Regional governance and public accountability in planning for new housing

Nieuws - 23 juli 2018 - Webredactie-OTB


Why are new houses delivered in wrong locations, for wrong target groups and within wrong price-ranges, leaving diverse kinds of housing demand unmet? How can regional governance improve municipal land-use decisions? For what can municipal administrations be demanded to be accountable in the land-use decision process and how? Addressing these questions, Vitnarae Kang and Danielle wrote a paper that provides an analytic framework of three governance approaches (hierarchical, horizontal and market-oriented) and inter-governmental accountability relationships.

This paper is based on a study of regional housing planning in the province of South Holland, the Netherlands. The measures undertaken in the case under review in the context of changing market conditions highlight the need to modify accountability arrangements, when policy-makers choose a new set of governance modes in order to shape relational dynamics conducive to achieving new policy goals.

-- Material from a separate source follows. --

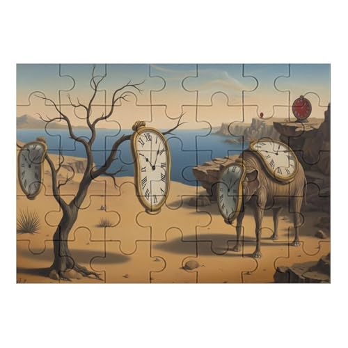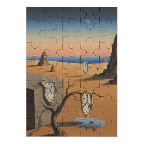 Surreal Melting Clock Wooden Jigsaw Puzzles for Adults 35/70/120/200/300/5001000 Pieces - Art for Wall Decor - Durable Poplar Wood, Zero Dust, UV Vibrant Print - Family Group Activity & Unique Gift
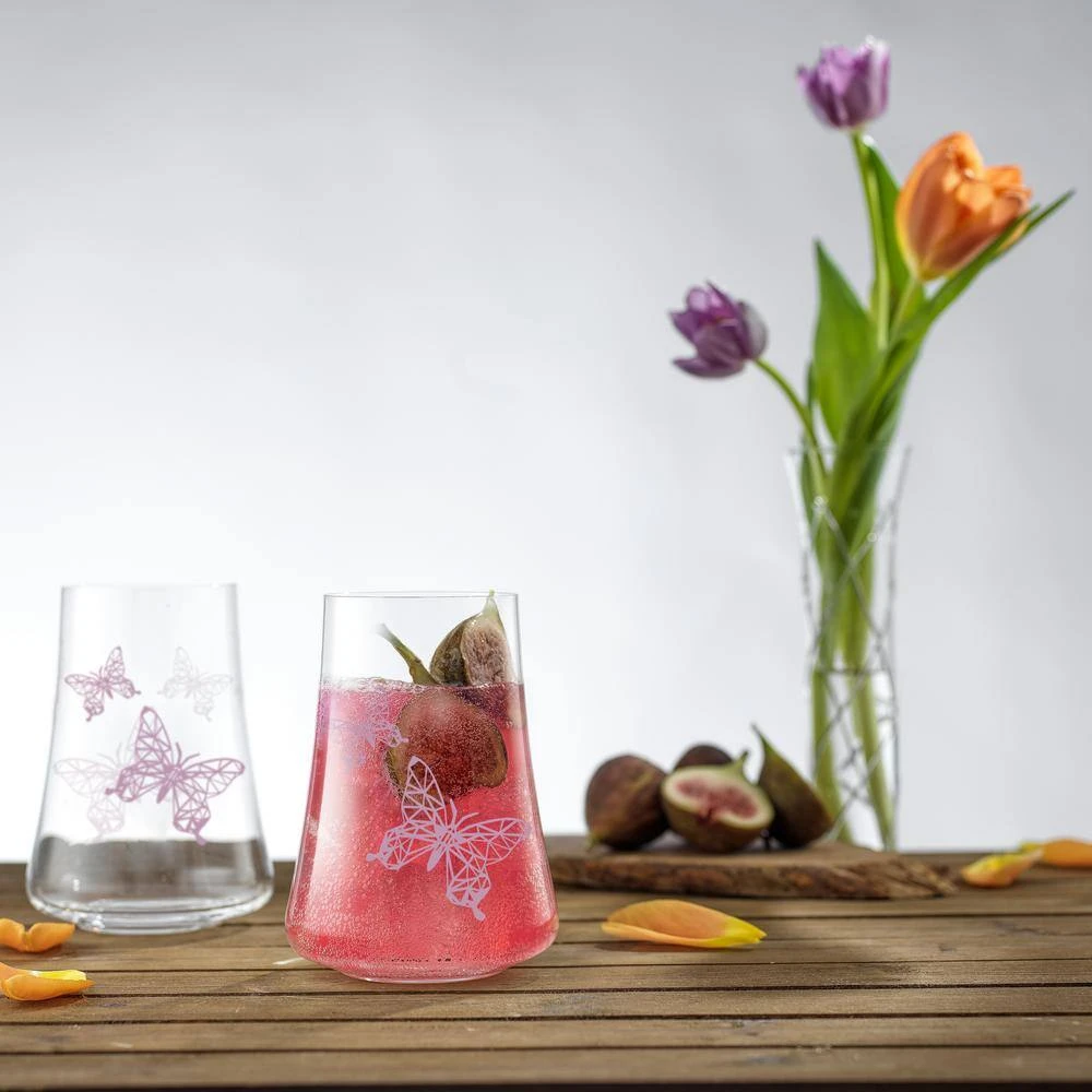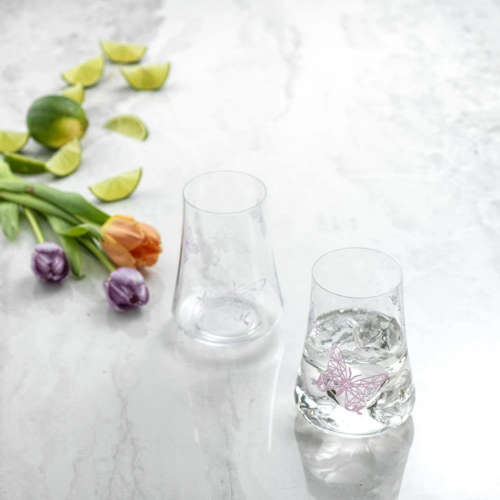 The JoyJolt Meadow Butterfly glasses selection was created to bring a feminine, upscale touch to your drinkware collection while offering you a unique experience with every sip. We are careful to work only with premium quality materials and original designs to create a unique glassware collection that will impress with the superb aesthetics, durability and finesse. Should you not be entirely pleased with your purchase, our customer care department is at your disposal and will address any issues or concerns. Our red wine glasses are a must-have in the collection of every wine lover or connoisseur, having such beautiful aesthetics and unique patterns. Made with care using premium crystal, these tall wine glasses features an ergonomic design that ensures a comfortable hand feel and superior durability so you can enjoy them for years to come. What makes the JoyJolt red wine glasses set of 2 truly one-of-a-kind is the superb pink butterfly design, inspired by their grace and elegance to offer you a unique feeling with every sip.

Planning capacities of municipalities embedded in regional governance remain important

Vitnarae Kang: “Without understanding the role of the higher-level government in local land-use decisions and the role of regional inter-municipal coordination, it is difficult to fully understand what have made Dutch public land development projects internationally a relative success. Despite of recent critics of active land policy in the Netherlands, municipal planning capacities embedded in regional governance remain important. Hierarchical governance approaches are required to support regional coordination that strengthens self-organising power of municipalities in the housing market.”